Planning Poker, the consensus-based agile estimation technique, offers a structured approach to tackling these challenges. However, applying Planning Poker to machine learning projects requires adapting the methodology to account for the unique characteristics of ML development: experiment-driven workflows, data dependencies, model uncertainty, and the inherent unpredictability of algorithm performance.
This guide explores how to effectively use Planning Poker for AI and machine learning projects, providing practical frameworks for estimating everything from data preparation to model deployment.
Why Machine Learning Estimation Is Fundamentally Different
Before diving into Planning Poker techniques, it's essential to understand why ML estimation diverges from traditional software development.
The Experiment-Driven Nature of ML Development
Traditional software development follows a relatively linear path: you write code, test it, and deploy it. Machine learning development is fundamentally experimental. You're not just writing a program—you're writing a program that generates a program that learns from data. This multi-layered complexity introduces uncertainty at every stage.
Consider a typical ML workflow:
- Data collection and preparation: Unknown data quality issues emerge during exploration
- Feature engineering: Initial features may prove ineffective, requiring iteration
- Model training: Algorithm performance on real data is unpredictable until tested
- Hyperparameter tuning: Optimal configurations require extensive experimentation
- Deployment: Production data distribution may differ from training data
Each stage contains unknown unknowns—challenges you won't discover until you're actively working on the problem.
Data Dependencies and Quality Issues
Machine learning models are only as good as their training data.
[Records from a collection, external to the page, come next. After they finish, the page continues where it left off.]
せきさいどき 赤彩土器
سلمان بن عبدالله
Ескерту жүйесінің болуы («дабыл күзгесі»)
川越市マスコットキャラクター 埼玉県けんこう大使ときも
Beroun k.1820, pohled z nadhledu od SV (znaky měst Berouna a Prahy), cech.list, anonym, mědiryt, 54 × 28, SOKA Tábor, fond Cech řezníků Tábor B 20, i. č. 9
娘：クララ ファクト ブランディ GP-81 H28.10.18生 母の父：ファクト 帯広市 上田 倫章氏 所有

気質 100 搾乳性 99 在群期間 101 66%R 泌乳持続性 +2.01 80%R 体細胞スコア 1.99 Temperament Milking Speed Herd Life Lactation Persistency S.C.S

Data quality challenges represent a primary source of estimation errors:
- Data availability: Assumed data sources may be incomplete or inaccessible
- Annotation requirements: Labeling data often takes 10-100x longer than initially estimated
- Data drift: Production data characteristics change over time, requiring model retraining
- Privacy constraints: Compliance requirements may limit usable data
These dependencies create estimation challenges that don't exist in traditional development. A user story might seem straightforward—"build a sentiment classifier"—but the actual work depends heavily on data quality, quantity, and accessibility.
The Iteration Tax
Machine learning requires extensive iteration. Your first model rarely achieves production-quality performance. Industry data suggests that successful ML projects typically go through 5-15 major model iterations before deployment, with each iteration potentially revealing new challenges.
This iteration tax means that ML estimation must account for:
- Baseline model development
- Performance improvement iterations
- Failed experiments and dead ends
- A/B testing and validation
- Model monitoring and maintenance
Adapting Planning Poker for ML Projects
Standard Planning Poker works well for traditional software, but ML projects require modified approaches. Here's how to adapt the technique for data science work.
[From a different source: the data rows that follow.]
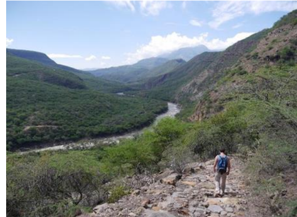
Camino de Lengerke
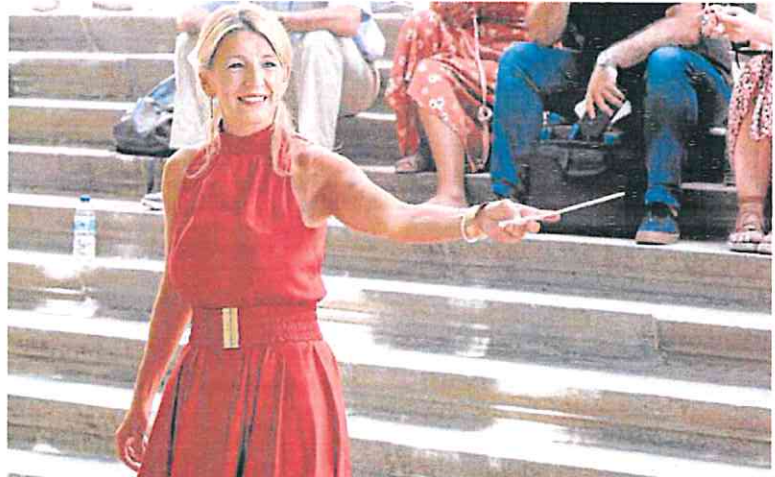
La vicepresidenta segunda y ministra de Trabajo, Yolanda Díaz, comparece ante la prensa después de una reunión con la Comisión Asesora para el Análisis del Salario Mínimo Interprofesional.

No obstante, para topar los alimentos tendrá antes que convenir a otros miembros de su propio Gobierno, puesto que el ministro de Agricultura, Luis Planas, ya se mostró este fin de semana contrario a esta propuesta, que además considera que no es posible legalmente, ni tampoco «deseable». De igual manera, Planas se manifestó también en contra de imponer un impuesto al sector de la distribución, una medida que reclama también Unidos Podemos.
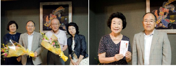
会長・幹事に花束贈呈 女子会に金一封贈呈
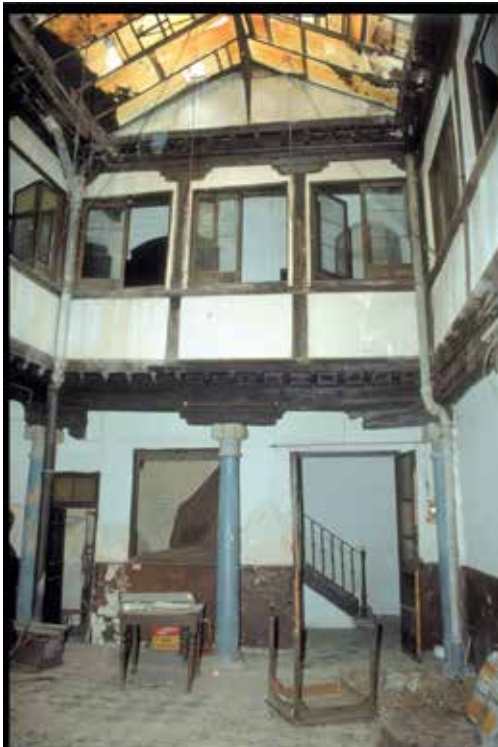
Calle de los Bécquer, n° 7 : Patio de la casa.

La parcela sobre la cual está edificada la actual casa del n° 7 ha sido ocupada sucesivamente por una casa corral en la edad media y una casa principal llamada “ casa de la fuente ” en el siglo XVI. Este nombre parece indicar la existencia de una fuente natural en esta parcela. Las excavaciones arqueológicas podrían verificar esta hipótesis y sacar a la luz elementos comunes a las dos casas vecinas ocupadas por los hermanos Acre en el siglo XV.

Modified Story Point Scales for ML Work
The Fibonacci sequence (1, 2, 3, 5, 8, 13, 21) works for traditional development because work complexity roughly follows this pattern. For machine learning projects, consider these adaptations:
Research-Heavy Scale: For projects with significant uncertainty
- 1 point: Well-understood task with established approach (e.g., deploying a proven model)
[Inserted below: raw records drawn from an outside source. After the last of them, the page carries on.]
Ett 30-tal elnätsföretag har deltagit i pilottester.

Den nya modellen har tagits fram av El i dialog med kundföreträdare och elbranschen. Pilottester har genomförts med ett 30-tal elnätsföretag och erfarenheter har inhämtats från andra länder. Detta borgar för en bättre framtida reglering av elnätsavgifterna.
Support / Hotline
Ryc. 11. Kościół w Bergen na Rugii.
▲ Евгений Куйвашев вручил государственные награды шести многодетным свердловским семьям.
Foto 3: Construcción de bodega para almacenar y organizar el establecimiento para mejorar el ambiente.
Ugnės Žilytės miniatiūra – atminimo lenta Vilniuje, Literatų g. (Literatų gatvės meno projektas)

- 3 points: Some uncertainty, standard ML techniques apply (e.g., training a classification model with clean data)
- 5 points: Moderate research required, multiple approaches possible (e.g., feature engineering for new domain)
- 8 points: Significant experimentation needed, outcome uncertain (e.g., novel architecture exploration)
- 13 points: High uncertainty, may require literature review or external consultation
- 21+ points: Requires breaking down into smaller experiments
Confidence Multipliers: Add confidence levels to story points
- High confidence (1.0x): Similar problems solved before, clean data available
- Medium confidence (1.5x): Some unknowns, but reasonable assumptions possible
- Low confidence (2.0x): Significant unknowns, experimental approach required
For example, a 5-point story with low confidence effectively becomes a 10-point story when planning sprints.
Estimating Different ML Workflow Stages
Machine learning projects consist of distinct phases, each requiring different estimation approaches.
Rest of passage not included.